Was konnte der Sohn zu den Vorwürfen gegen seinen Vater sagen? Er war zur Tatzeit nicht in der Wohnung, sondern bei den Großeltern in Polen. Er lebt jetzt bei der Mutter, die mit ihm nach Aachen gezogen ist. Das Gericht hatte ihn darauf hinweisen lassen, daß er beim Landgericht keine Aussage machen müsse.

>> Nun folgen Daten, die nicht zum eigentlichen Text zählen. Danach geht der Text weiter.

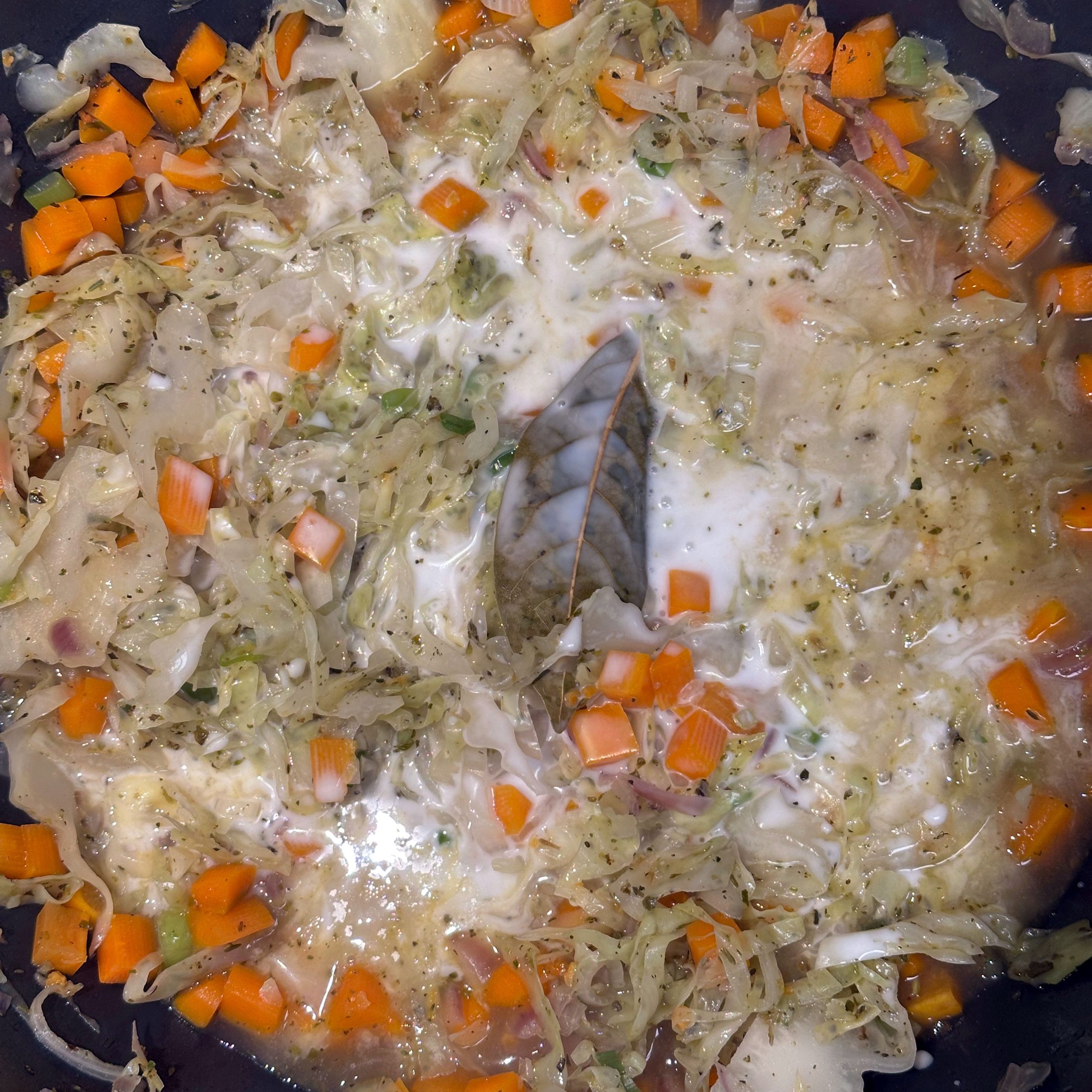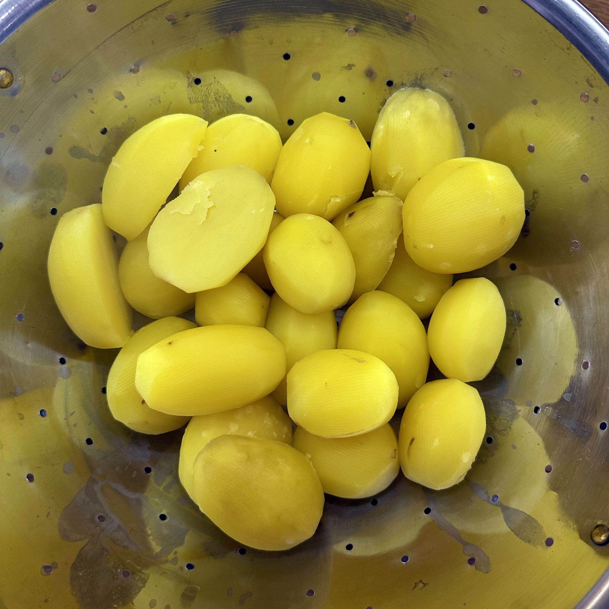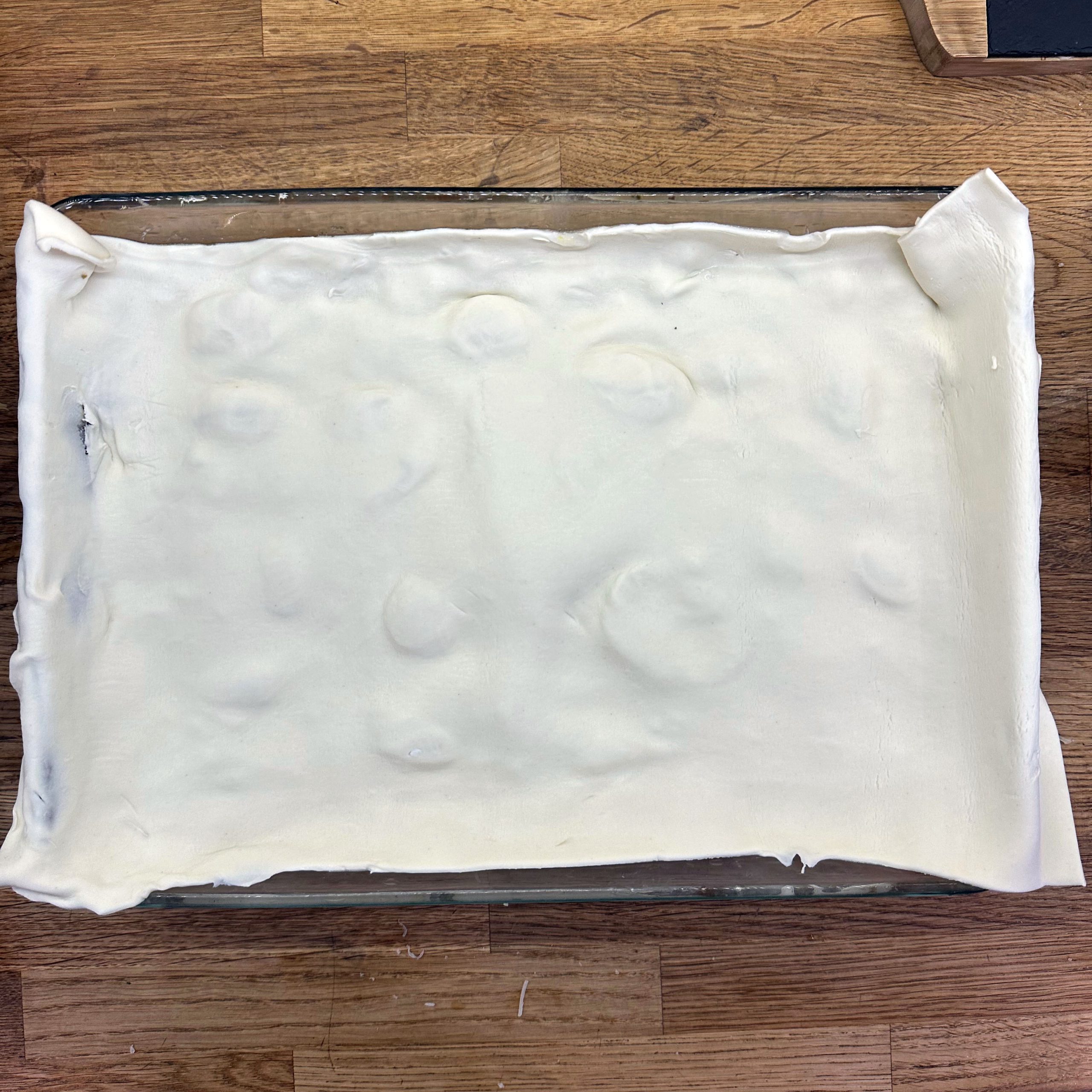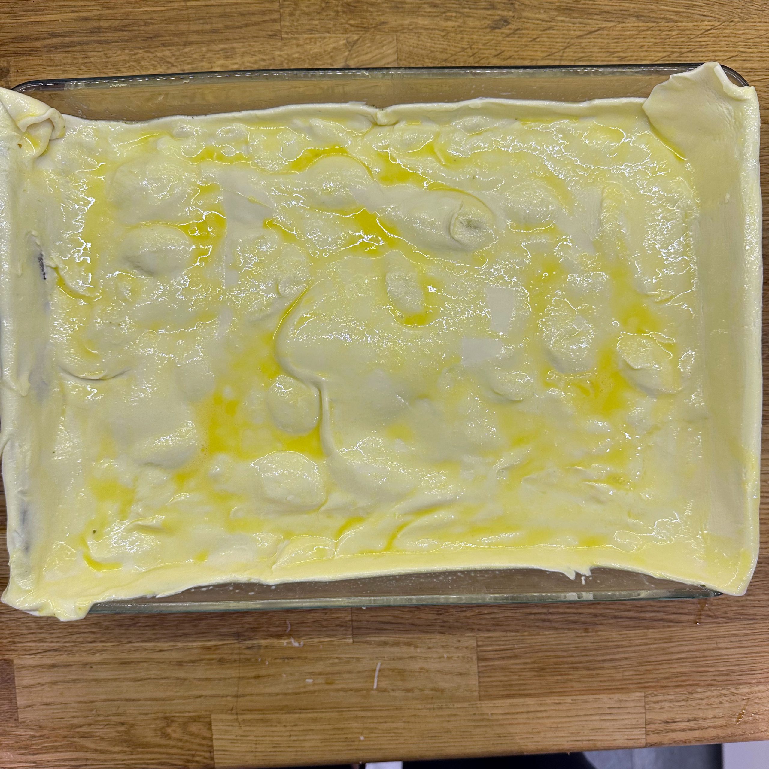 900g kleine Kartoffeln schälen und 20min in Salzwasser kochen, kurz abkühlen lassen und längs halbieren. 0,5 Spitzkohl vierteln und den Strunk herausschneiden. Den Spitzkohl und 200g rote Zwiebeln in Streifen schneiden, 200g Möhren schälen und fein würfeln, 100g Parmesan grob reiben. 3 EL Erdnussöl in einer großen Pfanne erhitzen und das gesamte Gemüse etwa 5 Minuten anbraten. Mit 600ml Gemüsebrühe ablöschen und etwa 15 Minuten köcheln lassen, dann 200ml Kokos-Cuisine hinzufügen und weitere 5 Minuten köcheln. Die Pfanne vom Herd nehmen, mit Salz und Pfeffer würzen, den geriebenen Parmesan unterrühren und die Mischung in eine gefettete Auflaufform (ca. 30x20x5 cm) füllen. Den Ofen auf 200°C (Umluft 180°C) vorheizen. 300g Blätterteig auf die Größe der Auflaufform ausrollen, den oberen Rand der Form mit Wasser bepinseln, die Teigplatte darauflegen und etwas festdrücken. Mit 1 verquirltem Ei bepinseln und mit Estragon und Rosmarin bestreuen. Den Pie etwa 35 Minuten goldbraun backen und heiß servieren.
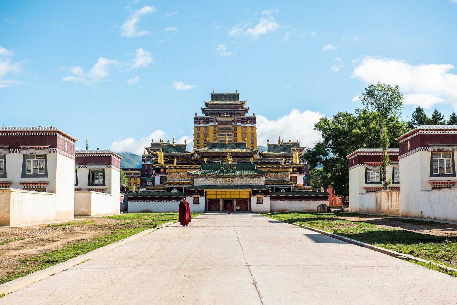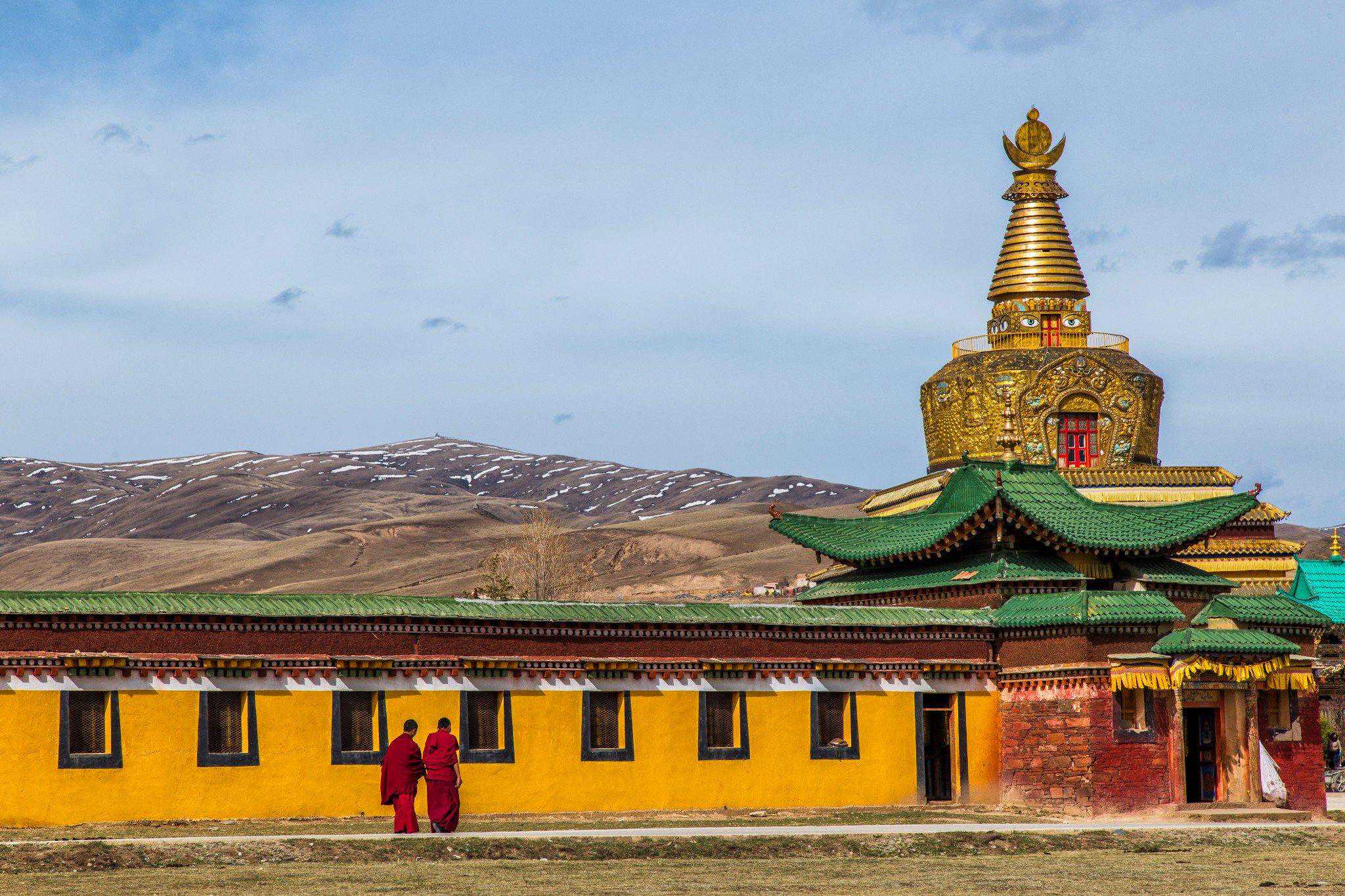 那是年保玉则还没有封闭的时候,我们行至阿坝州阿坝县的各莫乡,远远就瞧见草原深处有一建筑,像极了米拉日巴佛阁。同行的领队介绍远处是各莫寺,藏语叫各莫贡巴,在当地享有盛誉。正好当天的行程不是很紧张,我们得以进去参观。

Schüchtern betrat der 15-jährige Junge trotzdem den Gerichtssaal. Noch einmal belehrte ihn die vorsitzende Richterin: „Du musst hier nichts sagen.“ Doch, er wolle auf Fragen antworten. Er berichtet von Schlägen und Schubsen seiner Eltern untereinander „als Alkohol da war.“ Sooft sei das aber nicht gewesen. Dann schildert er, dass seine Mutter ihm im November 2014 eine Knäul mit Klebeband und Haaren gezeigt habe. Dabei sei sie sehr böse gewesen.
Gab es wirklich eine Fesselung? Hat der 44-Jährige seine damalige Ehefrau vergewaltigt?
Der Staatsanwalt blieb in seinem Plädoyer bei seinem Vorwurf, schwächte ihn allerdings ab. Es sei nicht festzustellen, daß das Klebeband als Werkzeug eingesetzt wurde, um die Frau sexuell zu missbrauchen. Es bliebe aber eine Vergewaltigung und die Freiheitsberaubung. Er beantragte eine Freiheitsstrafe von 2 Jahren und 6 Monaten. Die Nebenklagevertreterin Olga Schöler-Stambulova betonte, daß ihre Mandantin sich nach langen Jahren in denen sie Gewalt ertragen mußte, entschlossen habe, den Angeklagten anzuzeigen. Die Mandantin wünsche sich, daß ihr geglaubt werde. Ganz anders Verteidiger Jörg Mölders: Die Ex-Ehefrau habe nachweislich in mehrern Punkten die Unwahrheit gesagt. Deshalb sei sie in Gänze unglaubwürdig: „Das reicht für eine Verurteilung nicht aus.“
Das „letzte Wort“ des Angeklagten waren viele Worte. 25 Minuten lang redete der Angeklagte wie ein Wasserfall, seine Dolmetscherin erbrachte eine Höchstleistung. Wiederum bestritt der 44-Jährige die Vorwürfe.
Es folgte das Urteil: Der Angeklagte wurde freigesprochen. Das Fehlen von objektiven Beweismitteln und die nicht konstante Aussage der Belastungszeugin können nicht Grundlage einer Verurteilung sein.